— TASK DETAILS —
What is needed is an exact repetition of the lines below, from the first one through the one holding "Beautiful in its", with no pictures and nothing else.

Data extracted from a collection

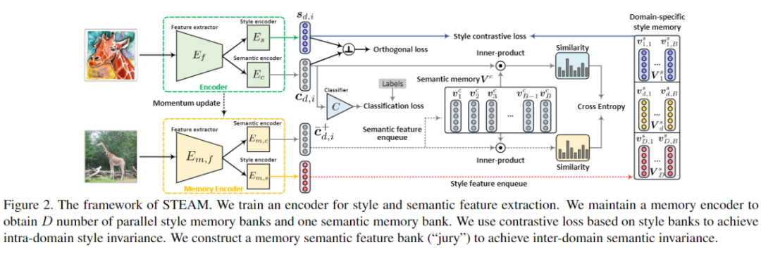 2. 重点在于风格信息的处理。首先和语义分类计算一个正交的 loss,然后每个 domain 维护一个 memory bank,分别对每个 domain 的风格相似度计算一个 contrastive loss 来保证同一 domain 风格信息接近。
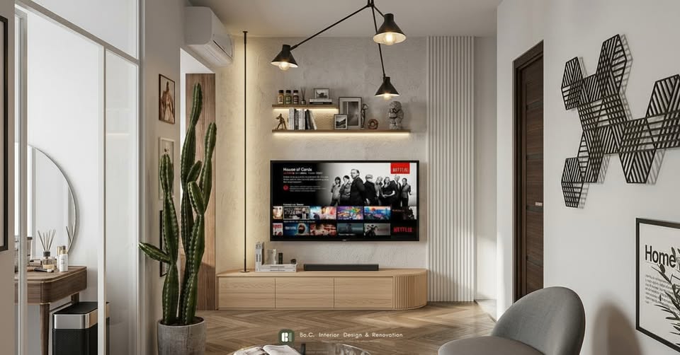 材質與光影,讓牆面不只是背景,而是生活的舞台。空間亮點:電視牆:礦物漆的顆粒感,替平整的牆面增添了變化。格柵:一個帶點自私的設計,界定了的空間表情。地板:魚骨拚的方向性,讓視覺有了延伸。氛圍:造型燈具與白色霧面玻璃,展現屋主的性格,也讓光線更柔和。從牆面到地板,再從材質到燈光,家的個性在這些細節裡揭開序幕。
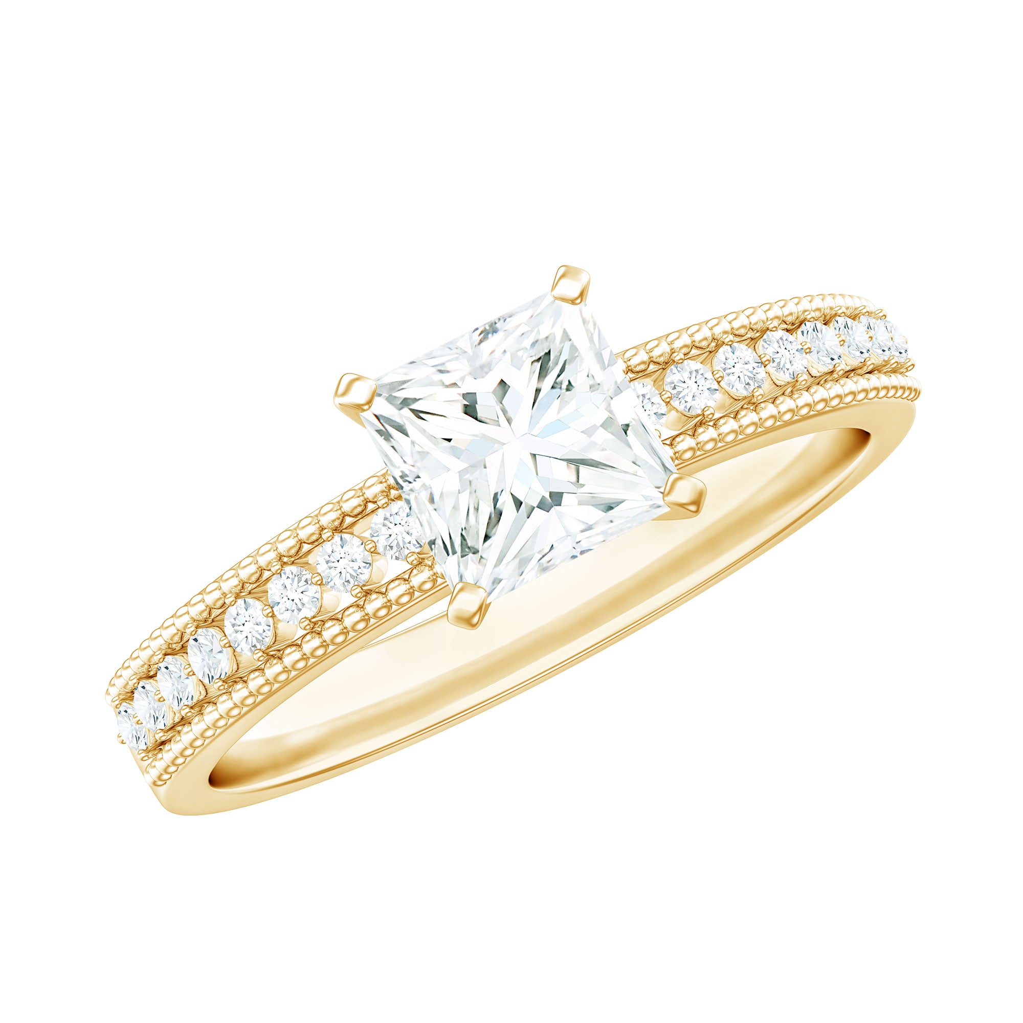 Beautiful in its simplicity, this classic Solitaire Engagement Ring features a 5 MM princess cut lab grown diamond set in a safe prong setting. The shank is adorned with round cut diamonds and bordered with beadwork, giving this Princess Cut Ring an eye catching appeal. Handcrafted properly, this 1 carat Diamond Ring is a meaningful accessory as it can also serve as an affordable April Birthstone Ring. It comes with a certificate of authenticity, ensuring its superior quality. If you are looking for a Diamond Solitaire Ring thats timeless and speaks volumes about your love, this is the one.
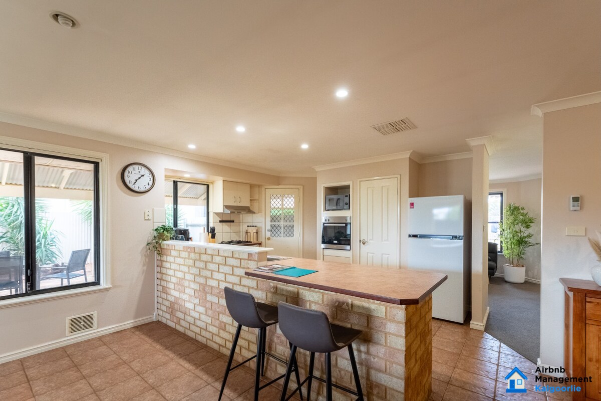 Wir haben unser Zuhause für reisende Arbeiter und Familien eingerichtet – unser modernes Zuhause bietet die ideale Mischung aus Komfort und Bequemlichkeit! Jedes Zimmer verfügt über ein Queensize-Bett, eine Klimaanlage und Bettwäsche in Hotelqualität, um einen erholsamen Schlaf zu gewährleisten. Zentral gelegen, findest du es nur eine 2-minütige Fahrt von Kalgoorlies beliebtestem Drive-Through-Café, „The Proper Gander“, sowie dem CBD, Coles, Kmart, lokalen Metzgern, Apotheker, Oasis Gym & Recreation Centre und Take-Away-Optionen entfernt.
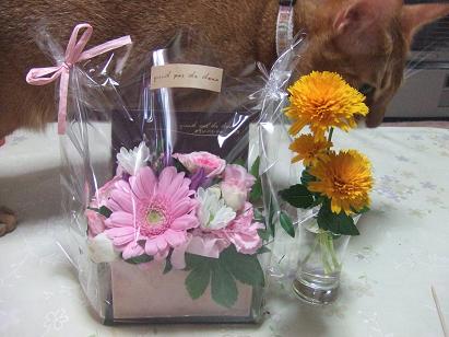 飼い主、めでたく〇3歳の誕生日を迎えることが出来ましたが、近所のお友達がお祝いにとお花をプレゼントしてくれて大感激! で、記念にし写真を撮ろうとしたら・・・
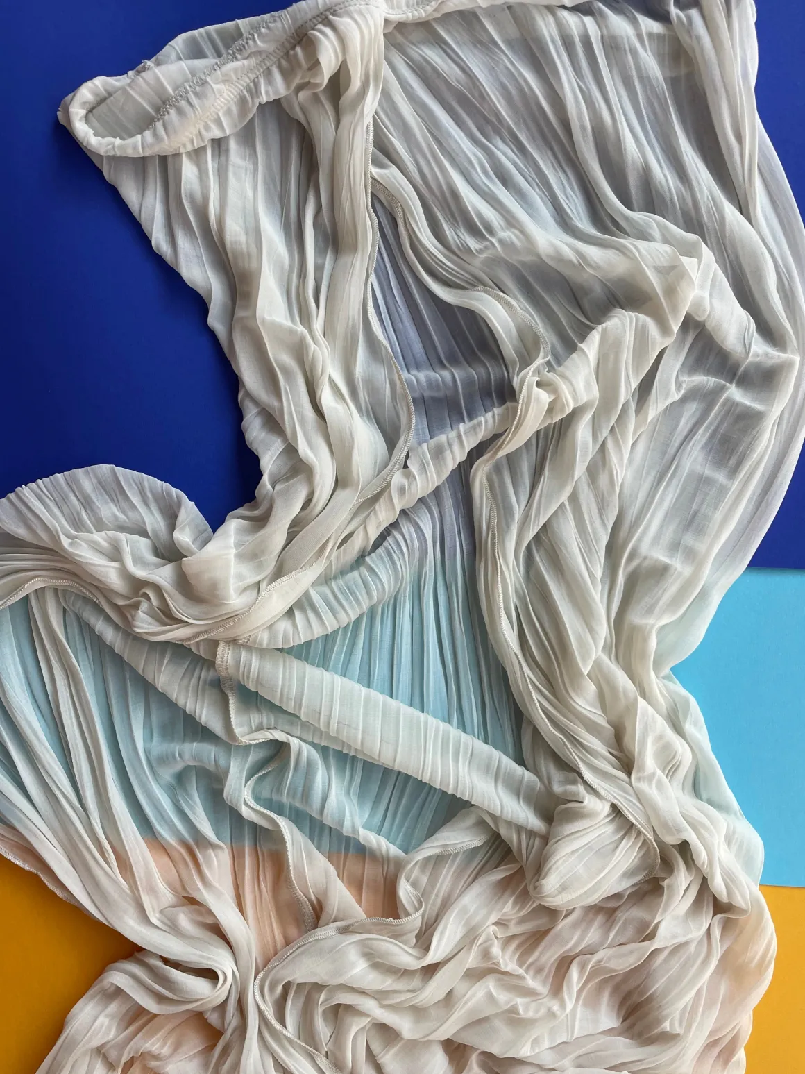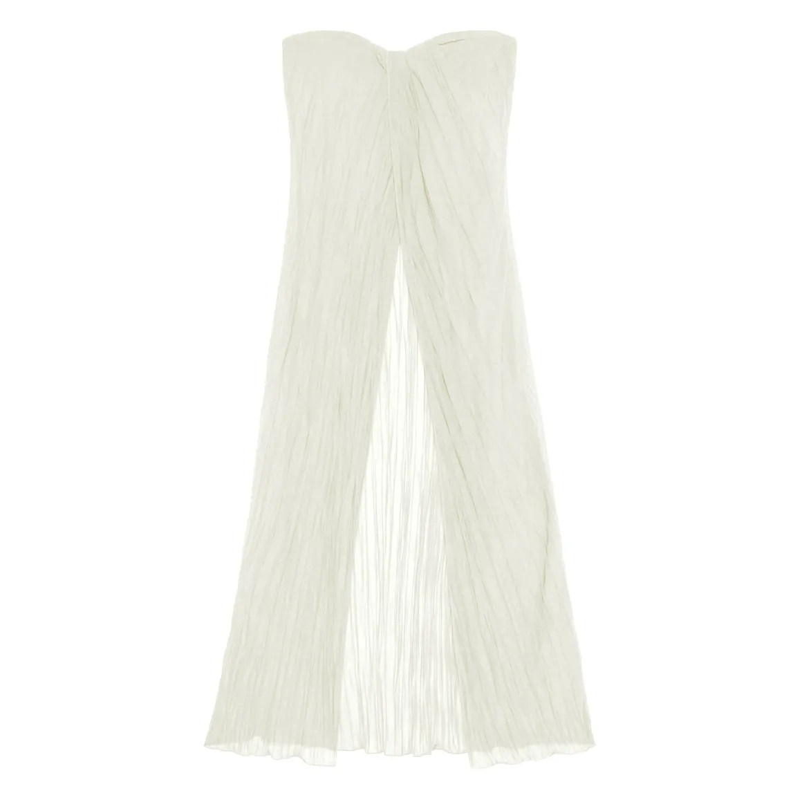 Sheer, wispy strapless dress that opens in front to show off your new fave bikini. Pleated fabric.

— SOLVED EXERCISE —
 2. 重点在于风格信息的处理。首先和语义分类计算一个正交的 loss,然后每个 domain 维护一个 memory bank,分别对每个 domain 的风格相似度计算一个 contrastive loss 来保证同一 domain 风格信息接近。
 材質與光影,讓牆面不只是背景,而是生活的舞台。空間亮點:電視牆:礦物漆的顆粒感,替平整的牆面增添了變化。格柵:一個帶點自私的設計,界定了的空間表情。地板:魚骨拚的方向性,讓視覺有了延伸。氛圍:造型燈具與白色霧面玻璃,展現屋主的性格,也讓光線更柔和。從牆面到地板,再從材質到燈光,家的個性在這些細節裡揭開序幕。
 Beautiful in its simplicity, this classic Solitaire Engagement Ring features a 5 MM princess cut lab grown diamond set in a safe prong setting. The shank is adorned with round cut diamonds and bordered with beadwork, giving this Princess Cut Ring an eye catching appeal. Handcrafted properly, this 1 carat Diamond Ring is a meaningful accessory as it can also serve as an affordable April Birthstone Ring. It comes with a certificate of authenticity, ensuring its superior quality. If you are looking for a Diamond Solitaire Ring thats timeless and speaks volumes about your love, this is the one.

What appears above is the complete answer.